SindriAndBale said: Both. Rad-X and Rad-Away. They're both quite necessary. Like when I went into The Glow and forgot to bring Rad-X, but had Rad-Away. >_>
...or when you have both, but are too busy playing chess with ZAX to take another dose, and notice that only when ZAX refuses to communicate with you anymore because your IN dropped to 1 and you have pretty much turned into a pile of glowing jelly?
[Conscript] said: ...or when you have both, but are too busy playing chess with ZAX to take another dose, and notice that only when ZAX refuses to communicate with you anymore because your IN dropped to 1 and you have pretty much turned into a pile of glowing jelly?
And lets not forget going to the front entrance of Vault 87 because you didn't know it instant-killed you with radiation.
[Conscript] said: Fallout 3, huh? Sorry, definitely not my cup of tea.

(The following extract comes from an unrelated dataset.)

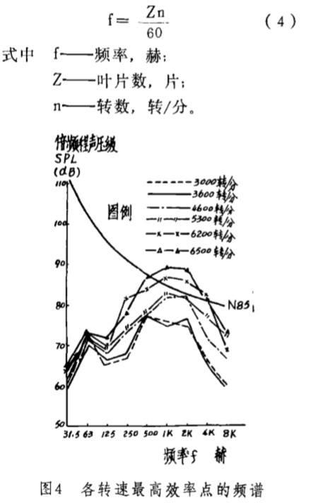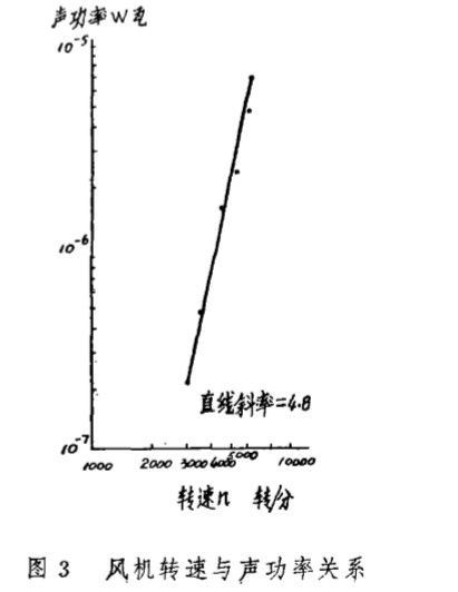 从式 ( 3) 可 以看出, 声功率是 转 速 4 . 8 次方 的函数 。 如转速增加 1倍 , 则声功率 将增加27 倍之 多 , 这是一个很 可观的数字 。

Was just an example. Seriuosly, there aren't too many insanely irradiated areas in the Fallout games other than The Glow, Vault 87, and the crashed jet in D.C. that I can think of.
Fresco said: Nuclear fusion is the opposite to an A-Bomb. A-Bomb is splitting an atom, and nuclear fusion is fusing two atoms together to make a new one.
The majority of nuclear weaponry in service uses the Teller-Ulam construction, which utilizes both fission and fusion. And unlike a regular fissile bomb, with this one you can theoretically escalate the yield ad infinitum.